» REQUIRED ACTION: Exclude the pictures and reproduce the remaining data exactly as written.

» SOURCE MATERIAL:
--- --- ---
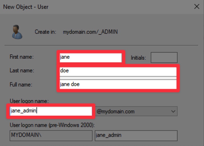 This adds Jane Doe as a user in the _ADMINS OU with the login name jane_admin.
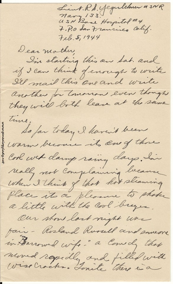 Series I: World War II Correspondence – Roscoe & Gladys (Foster) Yegerlehner, 1942-1946
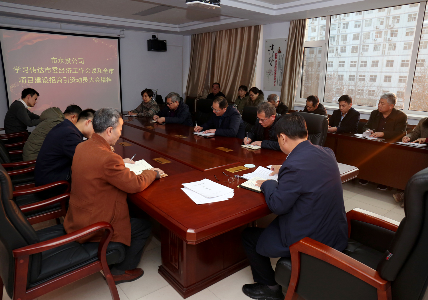 1月20日,我公司召開學(xué)習(xí)傳達(dá)市委經(jīng)濟(jì)工作會(huì)議精神和全市項(xiàng)目建設(shè)招商引資大會(huì)精神會(huì)議。公司班子成員、下屬單位班子成員和中層干部參會(huì)。
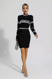 Hayley Siyah Elmas Süslemeli Uzun Kollu Mini Elbise
--- --- ---
» EXERCISE ANSWER:
 This adds Jane Doe as a user in the _ADMINS OU with the login name jane_admin.
 Series I: World War II Correspondence – Roscoe & Gladys (Foster) Yegerlehner, 1942-1946
 1月20日,我公司召開學(xué)習(xí)傳達(dá)市委經(jīng)濟(jì)工作會(huì)議精神和全市項(xiàng)目建設(shè)招商引資大會(huì)精神會(huì)議。公司班子成員、下屬單位班子成員和中層干部參會(huì)。
 Hayley Siyah Elmas Süslemeli Uzun Kollu Mini Elbise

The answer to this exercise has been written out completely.